══ Excerpted data ══

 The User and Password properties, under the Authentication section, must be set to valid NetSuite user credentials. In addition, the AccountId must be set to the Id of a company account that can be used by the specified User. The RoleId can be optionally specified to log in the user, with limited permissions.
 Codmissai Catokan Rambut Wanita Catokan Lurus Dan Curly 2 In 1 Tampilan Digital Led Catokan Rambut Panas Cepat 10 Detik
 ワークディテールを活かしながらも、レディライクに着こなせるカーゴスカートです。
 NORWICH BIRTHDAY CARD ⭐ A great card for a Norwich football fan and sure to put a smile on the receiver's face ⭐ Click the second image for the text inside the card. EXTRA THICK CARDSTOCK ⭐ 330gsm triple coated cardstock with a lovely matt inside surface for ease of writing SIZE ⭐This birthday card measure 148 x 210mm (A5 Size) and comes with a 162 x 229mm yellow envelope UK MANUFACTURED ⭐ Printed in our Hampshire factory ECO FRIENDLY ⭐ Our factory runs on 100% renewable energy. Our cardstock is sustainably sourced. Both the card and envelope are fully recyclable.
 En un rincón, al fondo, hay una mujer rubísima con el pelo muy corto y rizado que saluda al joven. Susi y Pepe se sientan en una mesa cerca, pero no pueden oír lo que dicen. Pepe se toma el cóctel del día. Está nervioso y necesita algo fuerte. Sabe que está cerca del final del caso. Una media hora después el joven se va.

═══
══ Excerpted data ══

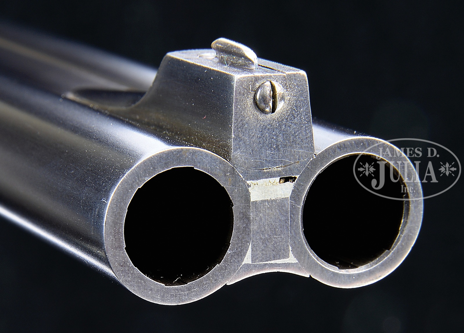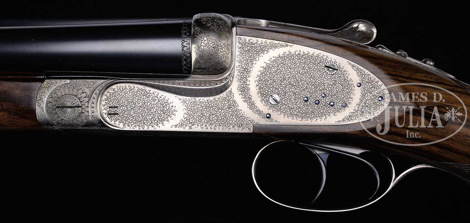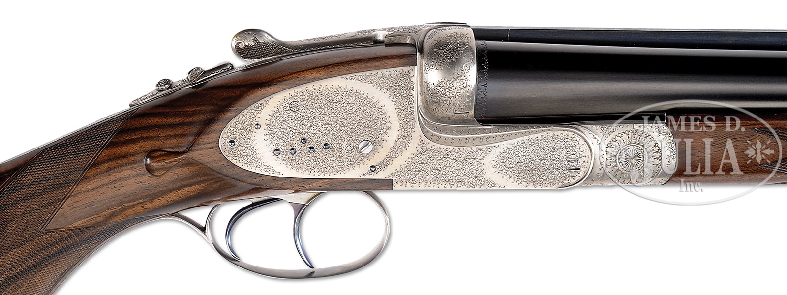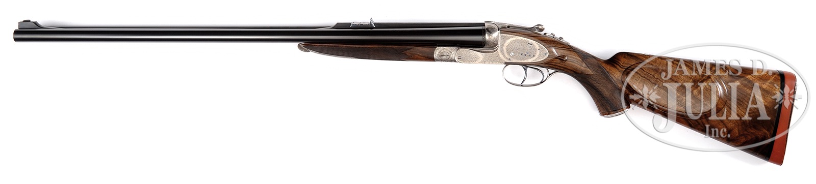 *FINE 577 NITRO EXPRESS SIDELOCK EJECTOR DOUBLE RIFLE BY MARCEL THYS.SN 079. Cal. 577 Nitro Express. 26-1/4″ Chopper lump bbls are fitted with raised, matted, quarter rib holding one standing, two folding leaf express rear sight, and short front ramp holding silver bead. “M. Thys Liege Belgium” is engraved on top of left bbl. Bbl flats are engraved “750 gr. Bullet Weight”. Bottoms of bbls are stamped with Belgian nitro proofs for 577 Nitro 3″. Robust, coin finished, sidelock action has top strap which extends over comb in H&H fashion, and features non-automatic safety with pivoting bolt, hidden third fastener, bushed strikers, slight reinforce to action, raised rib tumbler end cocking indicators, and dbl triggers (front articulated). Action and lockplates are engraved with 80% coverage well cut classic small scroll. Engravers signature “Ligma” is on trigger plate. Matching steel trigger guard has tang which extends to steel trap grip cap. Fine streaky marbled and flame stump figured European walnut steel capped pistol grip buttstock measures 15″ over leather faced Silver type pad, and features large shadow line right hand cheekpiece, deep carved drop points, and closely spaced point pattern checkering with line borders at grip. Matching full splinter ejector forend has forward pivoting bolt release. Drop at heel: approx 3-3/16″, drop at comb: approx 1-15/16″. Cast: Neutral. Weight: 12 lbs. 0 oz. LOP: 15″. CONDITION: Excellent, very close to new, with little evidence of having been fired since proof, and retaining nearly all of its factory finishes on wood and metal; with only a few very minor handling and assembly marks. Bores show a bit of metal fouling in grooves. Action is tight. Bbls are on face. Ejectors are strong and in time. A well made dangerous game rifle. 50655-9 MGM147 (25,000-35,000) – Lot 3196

═══

> Problem to solve
Give the exact lines, and only those, from the line containing "The User and" through the line containing "ワークディテールを活かしながらも、レディライクに着こなせるカーゴスカートです。" in the entries above.

> Result
 The User and Password properties, under the Authentication section, must be set to valid NetSuite user credentials. In addition, the AccountId must be set to the Id of a company account that can be used by the specified User. The RoleId can be optionally specified to log in the user, with limited permissions.
 Codmissai Catokan Rambut Wanita Catokan Lurus Dan Curly 2 In 1 Tampilan Digital Led Catokan Rambut Panas Cepat 10 Detik
 ワークディテールを活かしながらも、レディライクに着こなせるカーゴスカートです。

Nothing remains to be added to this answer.